Later, Mr. Lert's family moved to live at Baan Park permanently. Therefore, another wooden house was added to connect them. Mr. Lert designed it himself. Part of the park used to be a white bus depot. Both are used to park and maintain buses and boat buses, and there are also employees' residences lined up. and a gas station for filling up buses Until during World War II, when Mr. Lert was 70 years old, Nai Lert's Park House, which was next to the British Embassy, Japan's belligerent Japanese soldiers had invaded the area of his house for more than 4 years and had also been attacked by the Allies with bombs that missed their targets and fell in the park many times, a total of 22 bombs. One bomb fell in front of the house and left a deep hole. Nai Lert Park's house therefore renovated that hole into a lotus pond. Baan Park therefore has a 10 meter deep bunker for use in emergencies. It is now a small pond. Bombs still fall on the west side of the house. The entire house was damaged until it flipped on its side.

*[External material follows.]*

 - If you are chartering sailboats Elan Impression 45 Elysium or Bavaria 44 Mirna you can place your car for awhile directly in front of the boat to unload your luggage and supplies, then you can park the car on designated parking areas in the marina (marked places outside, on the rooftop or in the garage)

After the war, Mr. Lert built a new wooden house to replace the old one. As can be seen from the restored house, it is lighter in color. Because they used redwood and teak instead of teak and spent 100,000 baht on repairs. After Mr. Lert and his wife, Khunying Sin Phakdinorasetha passed away. Lady Lursakdi Sampatisiri also lived at Nai Lert Park's house until the end of her life.

In 1983, some land was set aside to build a hotel. Some land of Ban Nai Lert Park was sold.

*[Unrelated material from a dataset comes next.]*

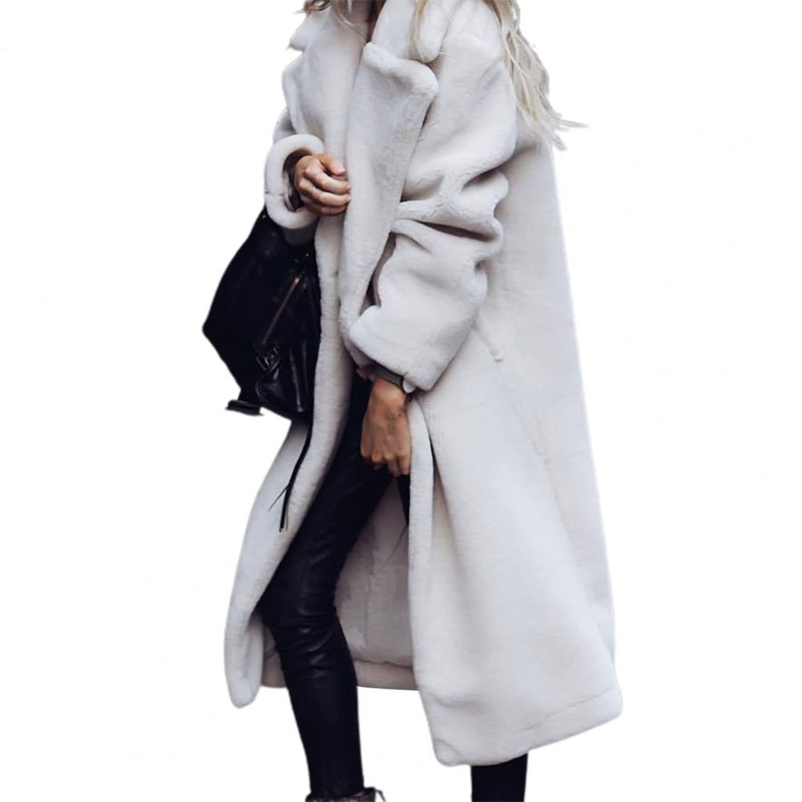 جي ار تي معطف رائع فضفاض طويل للغاية للنساء شتوي مخملي ملابس شتوية للمواعدة اللون: ابيض المقاس: M

After Thanpuying Lesak Sombatsiri passed away in 2010, her heirs thought that it should be opened as a small museum for the public to view in the form of a Heritage Home. However, due to the condition of the house building deteriorating, in 2012, the Nai Lert Group renovated the Nai Lert Park House into a private museum. Opened for service on 19 December 2015. After that, the hotel building was sold to BDMS Wellness Clinic Company Limited, a Bangkok Hospital chain, during 2016, which is currently Mövenpick BDMS Wellness Resort Bangkok.

== Exhibits ==
This ancient building at Ban Nai Lert Park is divided into two parts. One building was built for residential use. and another building built specifically to be a bedroom. In the present era There was a restoration to adjust the height of both houses by about one and a half meters. To make it more useful for usability And after the renovation of the house was completed, it was opened as a museum, including This place is also used for important ceremonies such as engagement ceremonies. or a Thai wedding ceremony.

Inside the Nai Lert Park House is divided into 2 exhibits: a women's house that will display the story of the history of the Nai Lert Park House. Biography of family members utensils, collectibles, and clothing. Another part is Than Chao Khun's house. On display are porcelain, Buddha rooms, and kitchenware. All exhibits will be placed in the same location as before.